In the winter of 1984, large-scale and targeted violence against Sikhs engulfed New Delhi's suburbs such as Sultanpuri, Mangolpuri and Trilokpuri. The country witnessed a massacre that left an indelible scar on its history. Between 3,000 and 17,000 Sikhs were killed, and over 50,000 forced to flee their homes. Amid all this violence and curfew-bound streets, a group of like-minded people—university professors, government officials, doctors, lawyers, students and members of civil society groups—took to the streets carrying nothing more than notepads and pens. They had first gathered at a friend's place, and divided themselves into two teams. One was led by the People's Union for Democratic Rights (PUDR) and the other by the People's Union for Civil Liberties (PUCL), both of which were civil liberties groups that had been set up about a decade ago in the early 1970s.
Both teams navigated the violence-prone neighbourhoods, documenting testimonies of the survivors, destruction of gurudwaras and people's allegations against Congress leaders for having orchestrated the carnage.

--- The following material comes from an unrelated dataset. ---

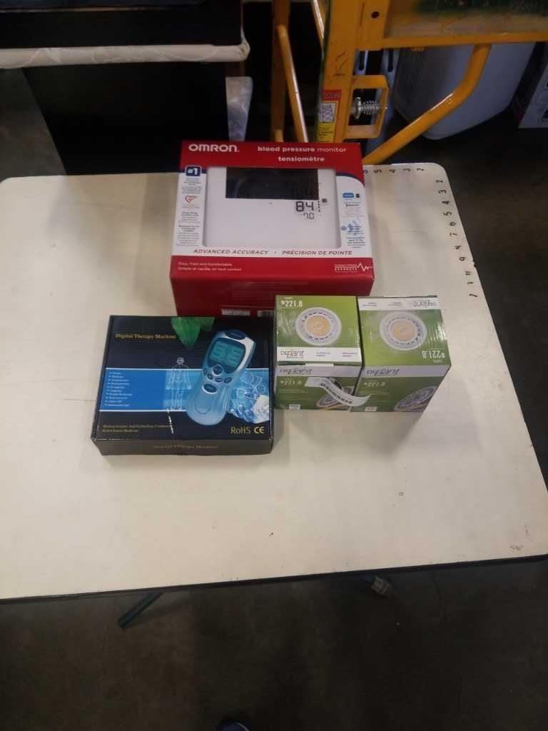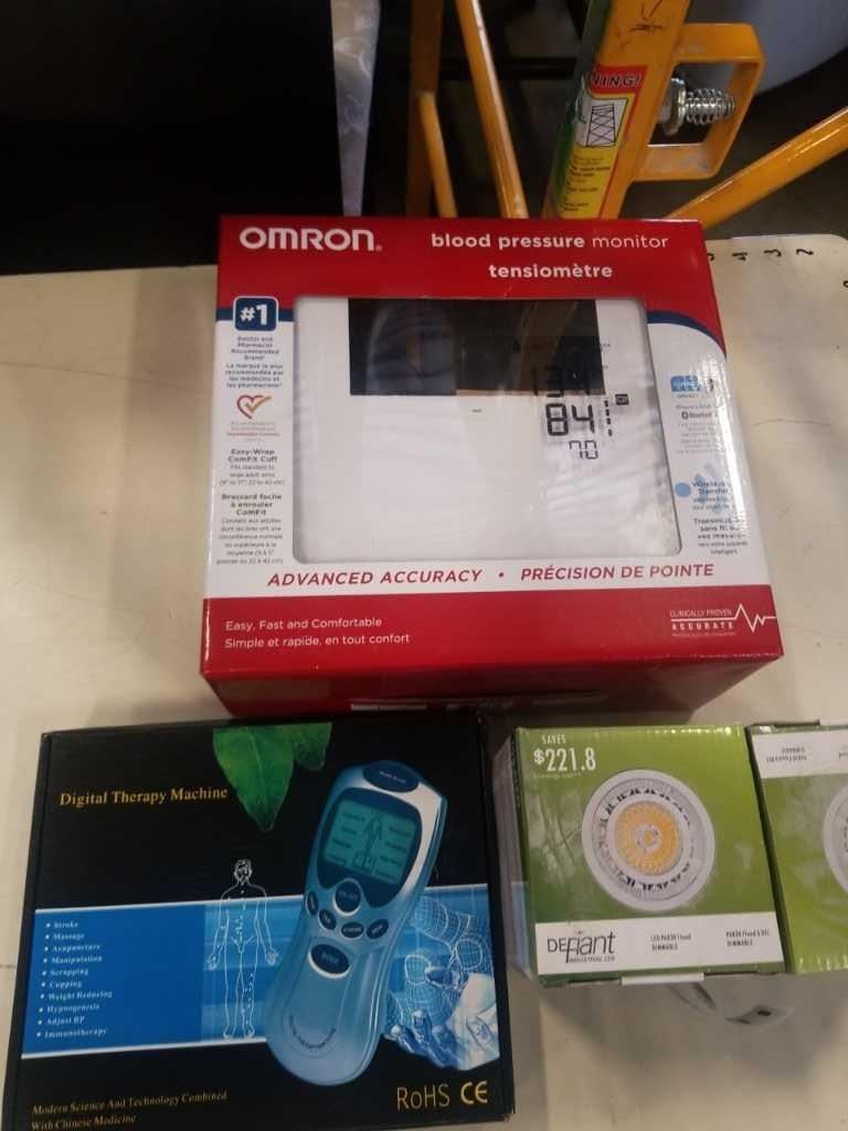 omron Blood Pressure monitor with digital therapy machine and 2 LED dimmable flood light bulbs

They interviewed victims, police officers, neighbours, army personnel and political leaders. They collected perpetrators’ information, car numbers and locations which had been targeted during the riots. The testimonies they recorded revealed that mobs had precise information on Sikh households across the city and were armed with kerosene and sulphur powder to set fire to those. Instances of complicity by officials were also recorded, including the names of those who looked the other way. This systematic documentation and its release in the form of a report exposed the chilling coordination behind the violence and revealed how massacres often unfold with calculated precision.

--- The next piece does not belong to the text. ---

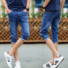 夏天新款七分牛仔裤修身韩版青少年短裤青春流行中学生潮男马裤子

Q: How did the idea of setting up civil liberties groups come about?
A: It was based on the realisation that there were certain democratic rights available to the prisoners too. Therefore, taking a maximalist, revolutionist position is not really very wise, purely for pragmatic reasons. If the jail manual does allow you to get Anacin, cigarettes and medical help, then why not get it? Why say jail ke taaley tootenge, saare communist chhootenge? [Jail locks will be broken, and all communists will be freed]. This realization dawned upon many people, that the jail manual, the constitutional structure does allow you a certain leeway. So, then the idea arose that one should set up committees to fight for these rights, with [i.e., comprising] people who are not necessarily Naxalites.
—Deepak Simon
Q: It took over twenty years for the seeds of civil liberties to revive. [Why?]
A: I think that the process of disillusionment with the intentions of the ruling elite was very gradual. Initially, and for a substantial period of time, it was felt that there were real possibilities of progress— economic progress and the removal of ignorance, improvement of education and so on. Consequently, other issues of civil liberties went into the background as far as the elite was concerned.

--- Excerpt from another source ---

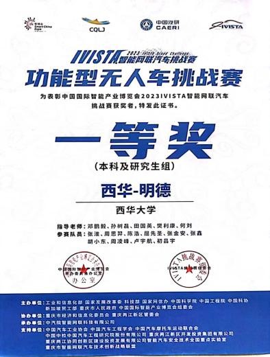 8月14日至20日,由工业和信息化部、国家发展和改革委员会、科学技术部、国家互联网信息办公室、中国科学院、中国工程院等部委联合主办的“2023 i-VISTA智能网联汽车挑战赛”在重庆两江新区举行,西华大学“西华明德”智能车队斩获“功能型无人小车挑战赛”一等奖。

—V. M. Tarkunde, cited in S. Kothari (1989a)
These two responses to essentially the same question, that is, what factors led to the emergence of civil liberties activism, represent the contrasting motivations and political contexts behind the setting up of civil liberties groups in India. Simon sees their first appearance as a pressure group to lobby for the release of Naxalite political prisoners in the early 1970s.